Abattoir rules revisited

EU proposal on animal protection calls for changes in the way slaughterhouses kill cattle, pigs, poultry and other livestock.

Under the new rules, abattoirs would have to monitor animals after stunning to ensure they don’t wake up before they are killed.

Every year nearly 360 million pigs, sheep, goats and cattle and several billion poultry are killed for their meat in the EU. A further 25 million animals are killed for their fur, and hatcheries kill around 330 million day-old male chicks. And bird flu and foot-and-mouth disease have forced the culling of millions of other animals in recent years.

Slaughterhouses are required to stun livestock before slaughter to minimise pain and distress. But the rules for how this is done have not changed since 1993 and are now out of sync with science, technology and animal welfare concerns.

Stunning involves using electricity, gas or force (such as an air gun) to knock the animal out. No method is 100% efficient, and some animals regain consciousness in their last minutes before death.

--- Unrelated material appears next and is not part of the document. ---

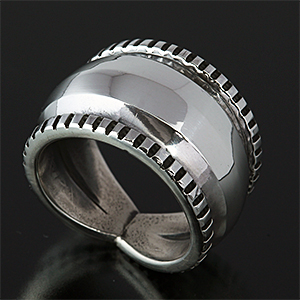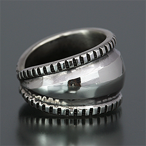 | NAVAJO/ナバホ族のアーティスト Harrison Jim/ハリソン・ジムに制作を依頼したリングです。 地金はインゴットシルバーによるもので、リポウズによる効果的な叩き出しで立体感が得られています。 通常表面はドーム状に仕上げられるものが多いですが、こちらの作品は角度が付けられていますので、光の変化をお楽しみ頂けます。 シンプルな中にもしっかりとした主張感を感じて頂けます。 | ||

The proposal doesn’t ban any current stunning method, but limits the use of some techniques. It acknowledges that scientists have reservations about the humaneness of two methods -- carbon dioxide gassing and electrified water baths -- but notes the lack of commercial alternatives.

Also under the proposal:
slaughterhouses would have an animal welfare officer on their staff
workers would be properly trained and periodically certified in animal welfare
manufacturers would provide instructions on how to use stunning equipment efficiently
slaughterhouses would be designed with animal welfare in mind
national centres of reference would be created to help officials responsible for inspecting slaughterhouses. Inspectors often have trouble assessing the efficiency of complex stunning systems
authorities would have to be more accountable to the public. Many people were upset by the wholesale slaughter of livestock during the foot-and-mouth epidemic. The disease doesn’t harm humans and rarely kills animals.


The measures require the approval of all 27 national governments within the EU. Slaughterhouses in non-EU countries exporting to the EU would have to comply with similar standards.